* _EXERCISE DETAILS_
Apart from the images, every record here needs to be copied exactly.

* _SOURCE MATERIAL_
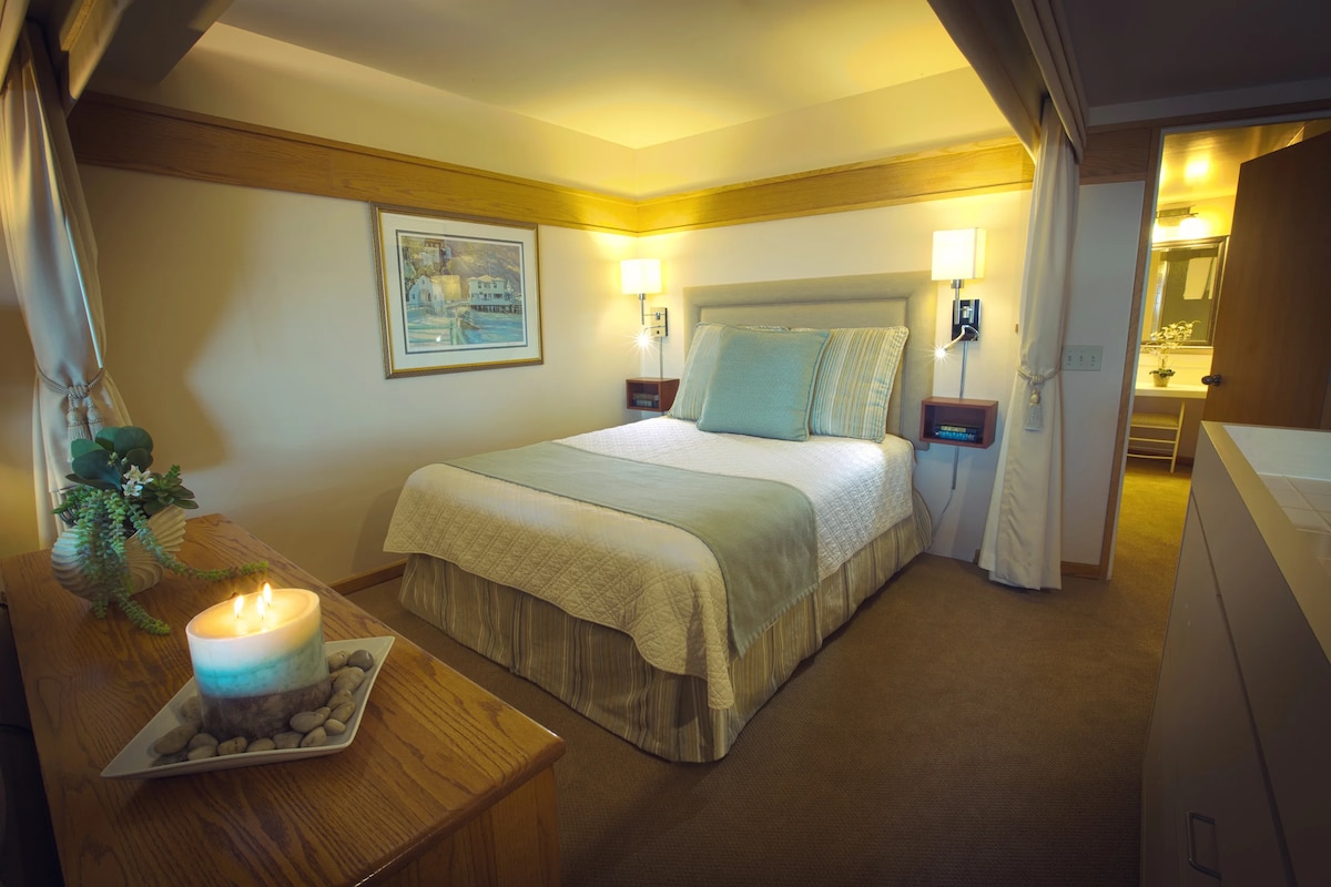 ¡Escapa de la vida cotidiana a Malibu Hideaway! ¡Ubicado en las colinas con impresionantes vistas a los cañones, montañas, el lago Sherwood y varias ciudades hasta donde alcanza la vista! Nuestros muebles están hechos a mano con madera reciclada de la soleada California. Nuestro colchón híbrido orgánico de lujo es de espuma/muelle para una mayor comodidad. Edredón mullido en los meses fríos. La suite cuenta con una bañera de estilo vintage, tocadiscos, chimenea de imitación, Keurig, microondas, mininevera, TV inteligente de 55 pulgadas, mesa/sillas y mesa de té antigua.
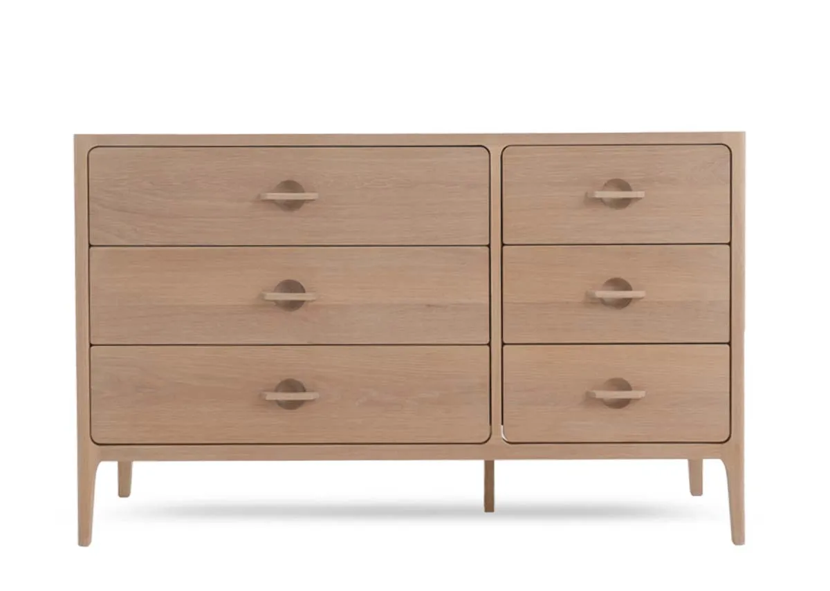 Discover timeless style and expansive storage with the Jay 6 Drawer White Oak Dresser, a beautiful addition designed to enhance any bedroom.
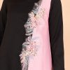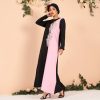 Autumn and Winter Ladies Fashion Pink Change Black Color Matching Applique Commuter Plus Size Women's Dress - Image 3
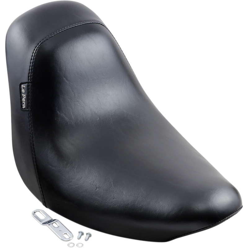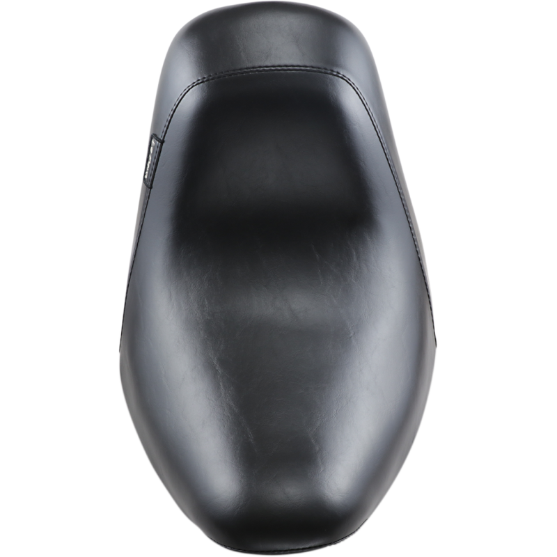Simplistic style brings out the true expression of your custom or stock bike. Top-grade black vinyl cover. Baseplate is powdercoated steel and carpeted to protect painted surfaces. Up-Front seat moves you closer to the handlebars. Made in the U.S.A.
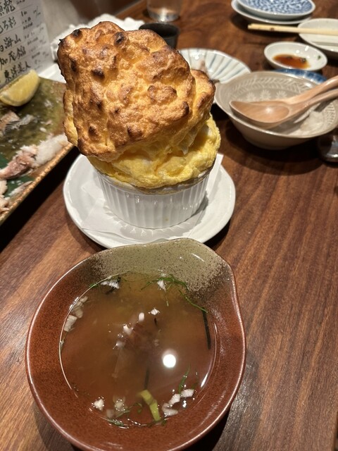 名物のスフレ状の卵焼きは出汁を付けて食べる明石焼きスタイル。

* _TASK ANSWER_
 ¡Escapa de la vida cotidiana a Malibu Hideaway! ¡Ubicado en las colinas con impresionantes vistas a los cañones, montañas, el lago Sherwood y varias ciudades hasta donde alcanza la vista! Nuestros muebles están hechos a mano con madera reciclada de la soleada California. Nuestro colchón híbrido orgánico de lujo es de espuma/muelle para una mayor comodidad. Edredón mullido en los meses fríos. La suite cuenta con una bañera de estilo vintage, tocadiscos, chimenea de imitación, Keurig, microondas, mininevera, TV inteligente de 55 pulgadas, mesa/sillas y mesa de té antigua.
 Discover timeless style and expansive storage with the Jay 6 Drawer White Oak Dresser, a beautiful addition designed to enhance any bedroom.
 Autumn and Winter Ladies Fashion Pink Change Black Color Matching Applique Commuter Plus Size Women's Dress - Image 3
Simplistic style brings out the true expression of your custom or stock bike. Top-grade black vinyl cover. Baseplate is powdercoated steel and carpeted to protect painted surfaces. Up-Front seat moves you closer to the handlebars. Made in the U.S.A.
 名物のスフレ状の卵焼きは出汁を付けて食べる明石焼きスタイル。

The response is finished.